An apparatus for building an agent for test of an unmanned vehicle, comprising:


an obtaining unit and a verifying unit;


the obtaining unit is configured to obtain feature information of an agent to be built, and send it to the verifying unit;


the verifying unit is configured to generate an agent according to the feature information, verify whether the behavior of the agent is reasonable, and consider the agent as a built agent if the behavior of the agent is determined reasonable.


According to a preferred embodiment of the present invention, the feature information comprises attribute information and behavioral information.


According to a preferred embodiment of the present invention, the attribute information comprises a class to which it belongs to, length, width, height, an initial state;


the behavioral information comprises response behavior and a trigger condition of response behavior.


According to a preferred embodiment of the present invention, the obtaining unit comprises: a first obtaining sub-unit and a second obtaining sub-unit;


The first obtaining sub-unit is configured to obtain attribute information selected by the user from a pre-generated agent attribute information repository, and send the user-selected attribute information to the verifying unit;


The second obtaining sub-unit is configured to obtain behavioral information selected by the user from a pre-generated agent behavioral information repository, and send the user-selected behavioral information to the verifying unit.


According to a preferred embodiment of the present invention, the verifying unit comprises: an uploading sub-unit and a verifying sub-unit;


The uploading sub-unit is configured to receive the feature information sent from the obtaining unit, send it to the verifying sub-unit, and upload the map;


The verifying sub-unit is configured to generate the agent according to the feature information, play back the behavior of the agent in the map to verify whether the behavior of the agent is reasonable, and consider the agent as a built agent if the behavior of the agent is determined reasonable.


According to a preferred embodiment of the present invention, the apparatus further comprises a storing unit;


The verifying sub-unit is further configured to send the feature information of the agent to the storing unit if the agent's behavior is determined reasonable;


The storing unit is configured to store the feature information of the agent in a predetermined format.


As can be seen from the above introduction, the solution of the present invention is employed to first obtain the feature information of the agent to be built, then generate the agent according to the obtained feature information and verify whether the generated agent's behavior is reasonable, and consider the generated agent as the built agent if the behavior is reasonable.
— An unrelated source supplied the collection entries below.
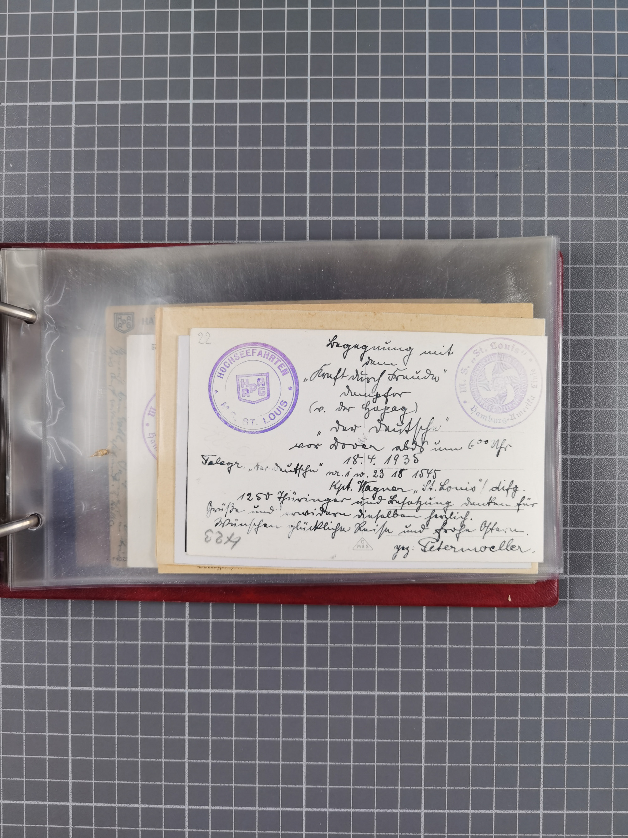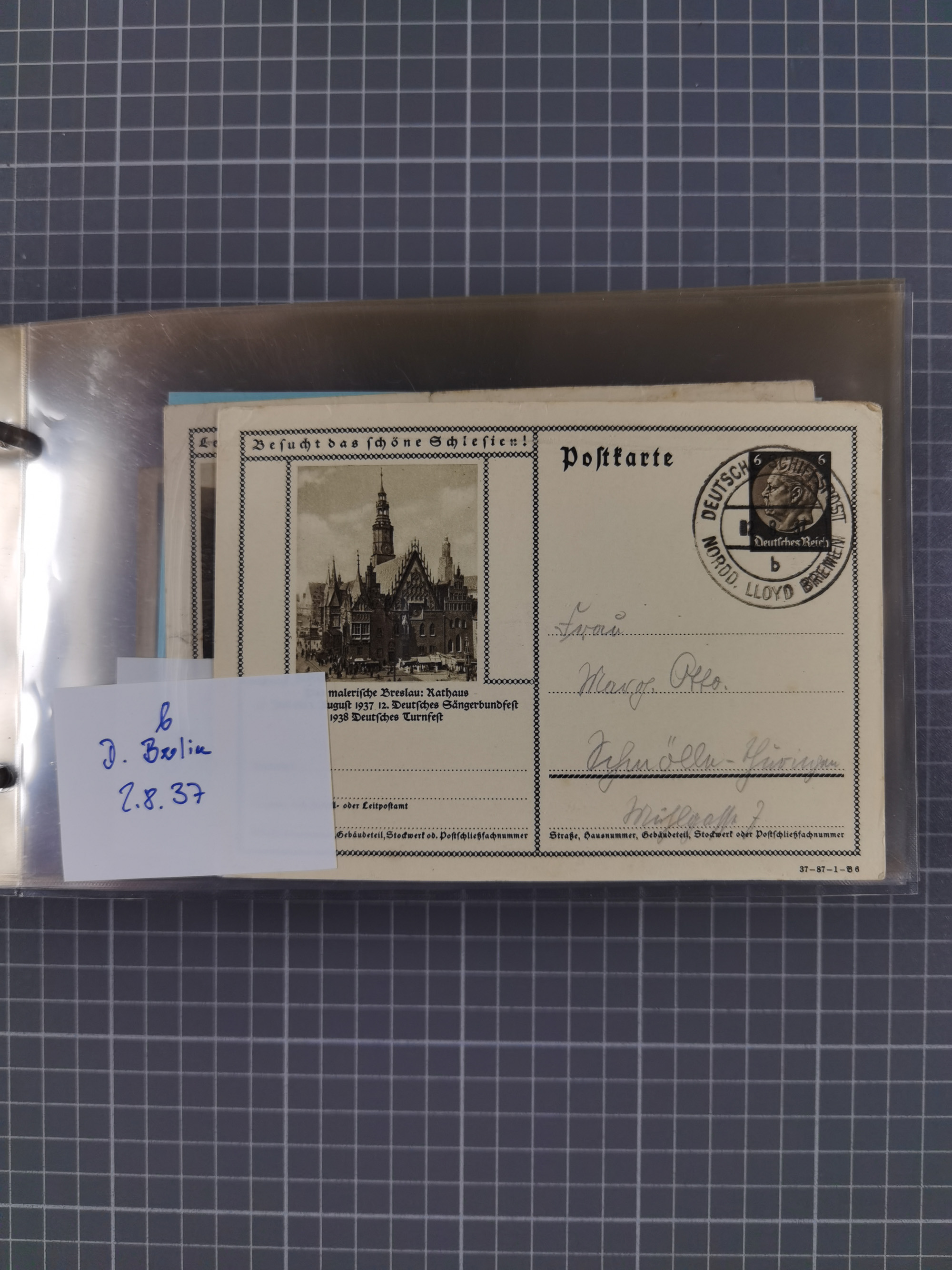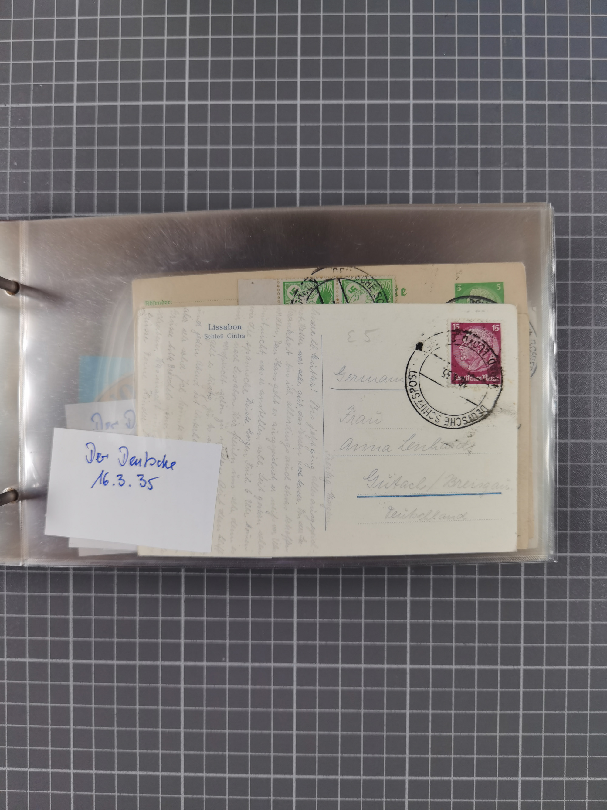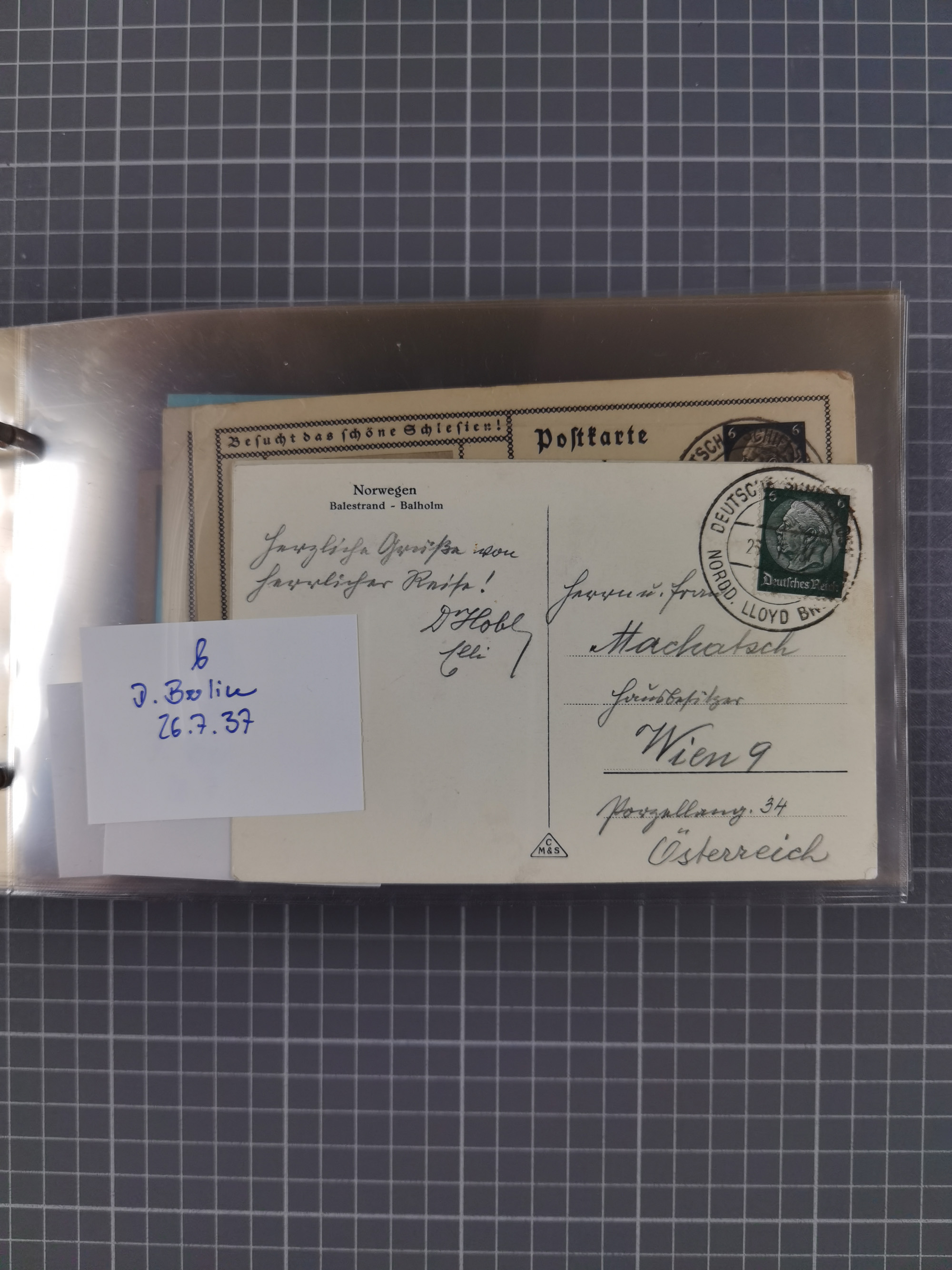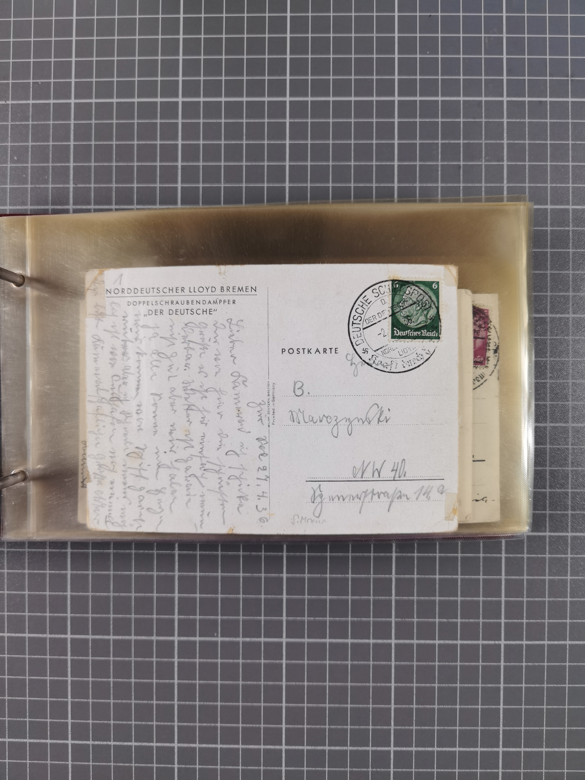 1934/39, Sammlung “Kraft durch Freude” mit ca. 240 Briefen, Karten und GSK inkl. Stempel des "LLOYD BREMEN", dazu Fotos, Schiffsansichtskarten, Speisekarten usw., sauber in vier Alben, ex Steinmeyer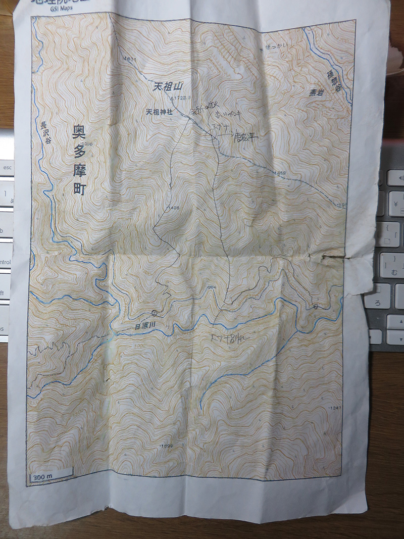 これが持参していた地形図[拡大]。鉛筆の線が歩く予定のルート。私なりの検証ですが、地形図には尾根が1本抜けてんじゃないでしょうか。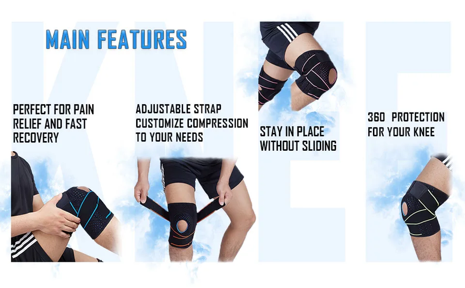 Наколенник AOLIKES, 1 шт., Быстросохнущий силикагель Coolfit, 4 пружины, спортивный наколенник, наколенники, защита для колена

In this way, the agent meeting the needs of test of the unmanned vehicle may be built quickly, and thereby a simulated traffic scenario is further built based on the built agent to replace the real traffic scenario to test the unmanned vehicle, thereby improving safety and efficiency of the test.





BRIEF DESCRIPTION OF DRAWINGS


FIG. 1 is a flow chart of an embodiment of a method of building an agent for test of an unmanned vehicle according to the present invention.



FIG. 2 is a structural schematic view showing components of an embodiment of an apparatus for building an agent for test of an unmanned vehicle according to the present invention.





DETAILED DESCRIPTION OF PREFERRED EMBODIMENTS

The solutions of the present invention will be further described in detail with reference with figures and embodiments to make technical solutions of the present invention clearer.


Embodiment 1


FIG. 1 is a flow chart of an embodiment of a method of building an agent for test of an unmanned vehicle according to the present invention. As shown in FIG. 1, the embodiment comprises the following specific implementation mode.


In step 11, feature information of an agent to be built is obtained.


The feature information of the agent to be built may comprise attribute information and behavioral information.


Wherein the attribute information refers to basic attribute information of the agent and may comprise a class to which it belongs to, length, width, height, an initial state and the like.


The initial state may further comprises: time of occurrence, an initial position, an initial speed, an initial direction and the like.


The behavioral information may comprise two portions, namely, response behavior and a trigger condition of response behavior.


The response behavior may comprise: acceleration, deceleration, stopping to wait, lane change and the like.


The trigger condition of the response behavior may comprise: arrival at a specific position, confrontation with traffic lights, confrontation with pedestrian crossing, confrontation with an agent ahead, and the like.


For example, the response behavior is deceleration, a corresponding trigger condition is confrontation with pedestrian crossing, and they both form a piece of behavioral information.


An agent attribute information repository and an agent behavioral information repository may be generated respectively in advance, the agent attribute information repository may store various attribute information having various agents that might occur in real traffic scenario, and the agent behavioral information repository may store various behavioral information having various agents that might occur in real traffic scenario.


Both the agent attribute information repository and the agent behavioral information repository may be established manually in advance, and information in the agent attribute information repository and the agent behavioral information repository may be obtained by investigating agents in the real traffic scenario and performing manual experience.


Furthermore, information in the agent attribute information repository and the agent behavioral information repository may be updated at any time according to actual needs, and the update may comprise: increasing information, deleting existing information, modifying existing information and the like.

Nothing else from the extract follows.